See page 162 and surrounding of
Kish, Leslie (1965). Survey Sampling
In practice, you might ask ESDS about the number of individuals per
postal code, and then guess the roh (ICC). Maybe those numbers are
100 and .02, in which case the deff is about 4, and you have to double
your standard errors. Or maybe those numbers are 10 and .01, in which
case you can probably ignore clustering at the postal code level
(multiply SE by 1.044).
On 9/26/06, Christopher W. Ryan <[email protected]> wrote:
So I received a reply from the keepers of the data, ESDS Government:
"Thanks for your query.
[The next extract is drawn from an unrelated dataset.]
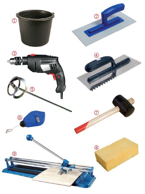 1. găleată plastic, 2. racletă, 3. bormaşină, 4. drişcă zimţată, 5. accesoriu pentru amestecat, 6. fir de trasat, 7. ciocan din cauciuc, 8. burete, 9. aparat de tăiat plăci ceramice.

Yes you have understand correctly that postal
code is used as the PSU. Unfortunately you won't find this or strata in
the HSE datasets because of concerns over confidentiality. This is
something that we are going to raise with ONS and other data providers
as it is definitely one of the shortfalls with the datasets so thank you
for raising the issue. I'm sorry I can't bring you any better news."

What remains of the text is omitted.